▶ _Task to complete_:
Please copy exactly the line that contains "Balkon of terras" and every line after it through the end of the records, leaving the pictures out.
Top of The records
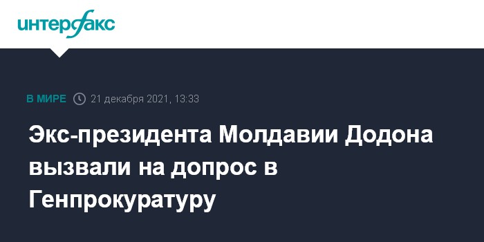 Москва. 21 декабря. INTERFAX.RU - Экс-президента Молдавии, одного из лидеров партии социалистов Игоря Додона вызвали в Генпрокуратуру для допроса для признания подозреваемым в уголовном деле о злоупотреблениях. Первым об этом сообщило издание deschide.md со ссылкой на источники в прокуратуре.
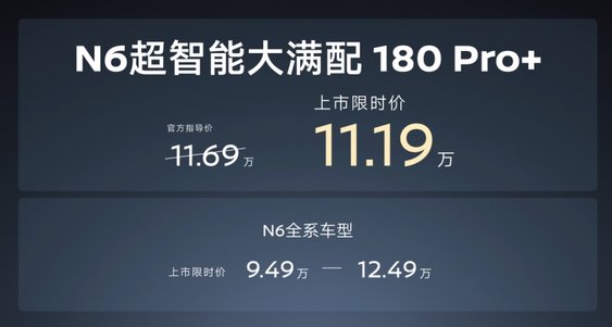 其中,十五代轩逸推出3款车型,上市限时价9.49—10.99万元;天籁·鸿蒙座舱S380大师版上市限时价16.19万元;N6 180 Pro+搭载宁德时代电池和Momenta高阶智驾,上市限时价11.19万元;N7全系焕新青春版,上市限时价10.99—13.99万元。
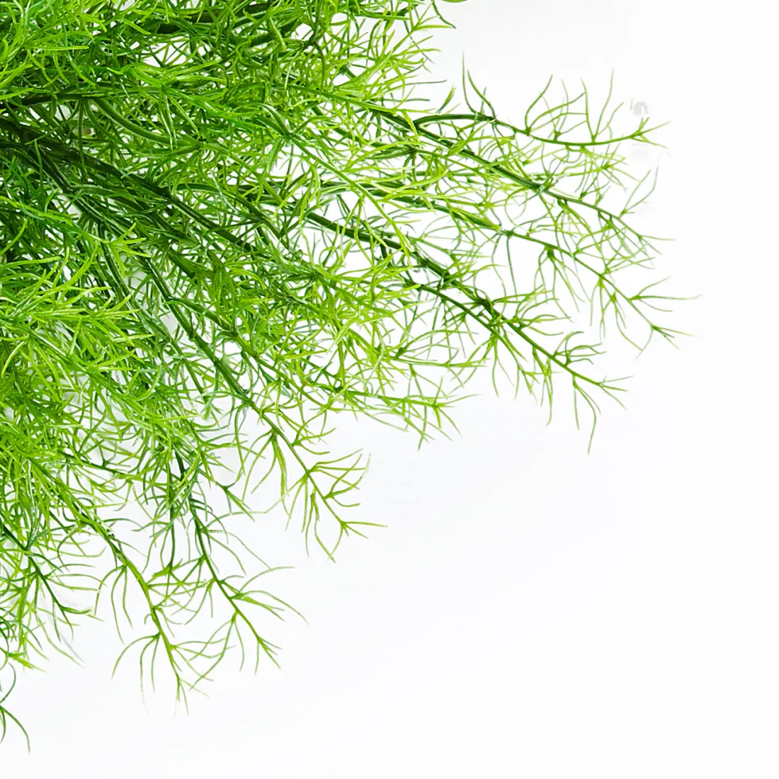 Communément appelée « fougère asperge », l’Asparagus Sprengeri n'est pas une vraie fougère mais a des feuilles qui lui ressemblent. C’est une plante grimpante de la famille des Asparagacées originaire du Sud de l’Afrique. Son feuillage artificiel singulier et délicat en plastique vert est composé de « feuilles-fil » extrêmement fines et de branches souples de différentes longueurs qui vous permettront d’adapter la forme de la plante. Cette plante herbacée synthétique ne nécessite aucun entretien (ni taille ni élagage), un simple dépoussiérage suffit amplement. Vous pouvez la placer dehors ou dans votre maison, une décoration raffinée.
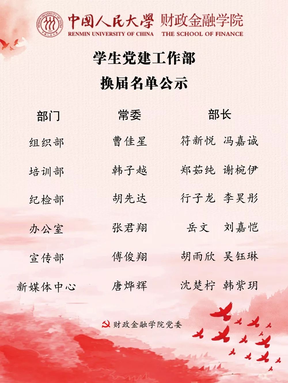 按照“公平、公正、公开”的原则,经过自主报名、资格审核、面试考察、综合评估等环节,色情动漫 学生党建工作部于近期完成组织部、培训部、纪检部、办公室、宣传部与新媒体中心的常委及部长的换届工作。现将名单公示如下:
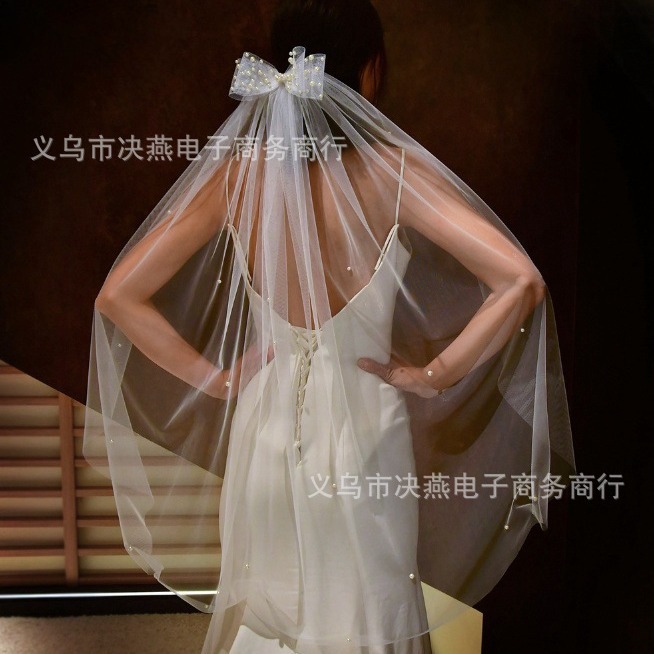 クロスボーダー卸売ミッドレングスのリボンビーズ単層ベールシンプルなハイエンドベール写真小道具卸売
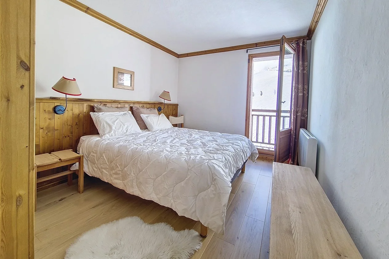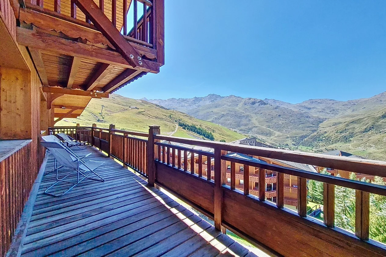 Balkon of terras aanwezig. Zuid-oriëntatie. Gelegen op verdieping 1, deur 5. Direct aan de pistes.
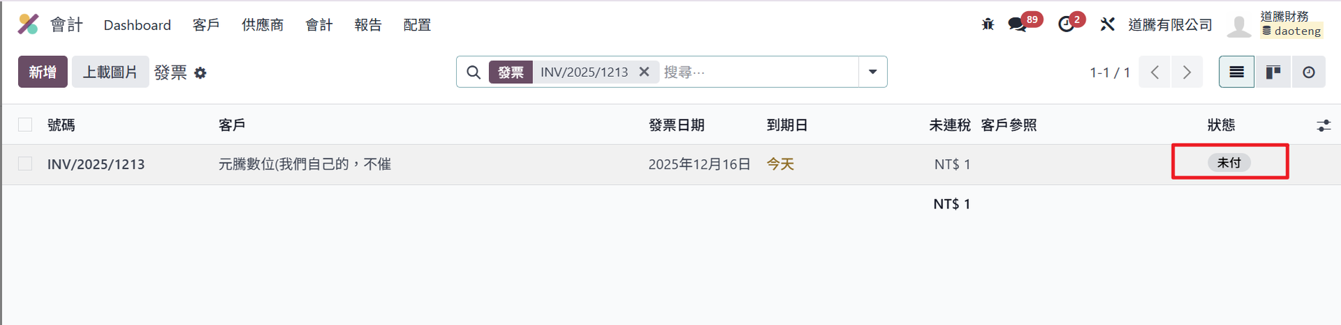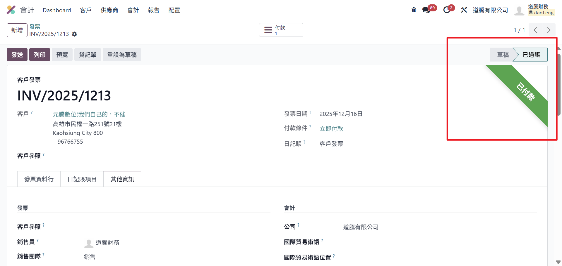 付款完成:發票狀態會變為「已付款」
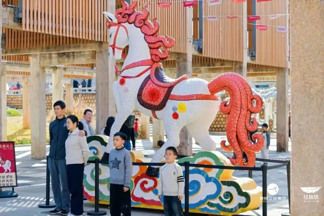 红旗坊秉持“修旧如旧”理念,保留老烟囱、老窑炉等工业肌理,结合马年IP“瓷骥凌云”及羽白市集好物,打造出艺术气息浓郁的文旅新地标,吸引了大量自驾游客专程“打卡”。
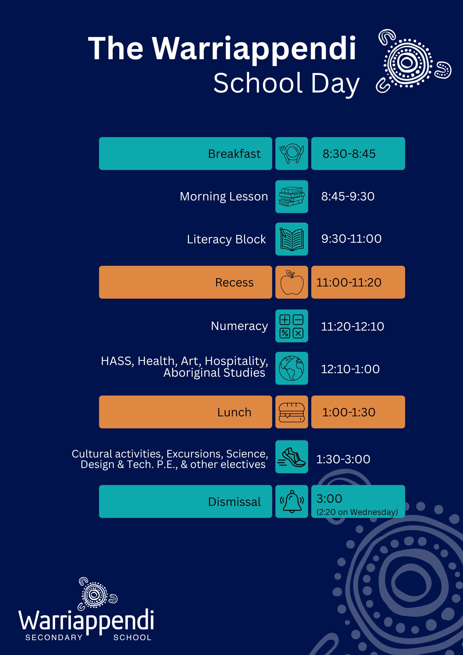 - From 11:20-1:00 students move through a range of subjects including Numeracy, HASS, Health, Art, Hospitality and Aboriginal Studies.
Bottom of The records
▶ _Solution to this task_:
 Balkon of terras aanwezig. Zuid-oriëntatie. Gelegen op verdieping 1, deur 5. Direct aan de pistes.
 付款完成:發票狀態會變為「已付款」
 红旗坊秉持“修旧如旧”理念,保留老烟囱、老窑炉等工业肌理,结合马年IP“瓷骥凌云”及羽白市集好物,打造出艺术气息浓郁的文旅新地标,吸引了大量自驾游客专程“打卡”。
 - From 11:20-1:00 students move through a range of subjects including Numeracy, HASS, Health, Art, Hospitality and Aboriginal Studies.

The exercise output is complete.